Search code examples
visual-c++utf-16wofstream

wofstream writes unnecessary byte


I am experimenting with with file output in utf-16 using wofstream, successfully so far. But I have got a problem to write a new line. As I found out with the Notepad and a hex editor, a new line on windows corresponds to 2 symbols: LineFedd and CarrigeReturn (0x000A and 0x000D). Trying to repriduce this programmatically led to weird result.

#include <fstream>
#include <codecvt>
#include <locale>
#define ENDL L"\u000a\u000d"
using namespace std;
int main()
{
locale utf16(locale(), new codecvt_utf16<wchar_t, 0x10ffffUL, little_endian>());//for writing UTF-16
wofstream fout(L"text.txt");
fout.imbue(utf16);
const unsigned short BOM= 0xFEFF;
fout.write((wchar_t*)&BOM, 1);
fout<<L"some text"<<ENDL<<L"more text";
fout.close();
}

the text that follows ENDL is totally messed up. I found the cause with a hex editor. for ENDL it writes 0D 0A 00 0D 00 . That is, for some reason it writes unnecessary and outrignt harmful 0D byte before the Linefeed character that causes all following bytes to shift to the right and thus messes up the utf-16 encoding.

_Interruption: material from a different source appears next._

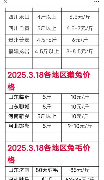 兔肉的价格通常在每斤15-25元人民币左右,不同地区的兔肉价格可能有所不同,例如,在山东省济宁市嘉祥县后腿兔肉批发价格13.5元/斤,江苏省盐城市大丰区生鲜冷冻兔肉批发价格18元/斤,安徽省阜阳市界首市新鲜兔肉批发价格20元/斤,河南省郑州市登封市冷冻兔肉批发价格13.7元/斤,广东省佛山市南海区冷冻兔肉批发价格13元/斤,山东省聊城市茌平区冻冰鲜兔肉批发价格17元/斤,安徽省阜阳市颍州区兔肉批发价格14.5元/斤,江苏省无锡市宜兴市冷冻兔肉批发价格12元/斤,四川省广安市岳池县冷冻兔肉批发价格24元/斤。

I don't understand why this happens and how can I fix it


Solution

  • try open your file in binary mode:

    std::wofstream fout(L"text", std::ios_base::binary);
    

    I don't have experience with Windows systems but it seems the OS is unhelpfully replacing newlunes with end of line sequences.

    Also, I would first imbue() the modified locale and the open() the file: once a character is read, calling imbue() has either no effect or undefined behavior (don't recall which off-hand). I think there is nothing preventing the stream from reading the first buffer upon open(). Idon't think that's your actual problem, though.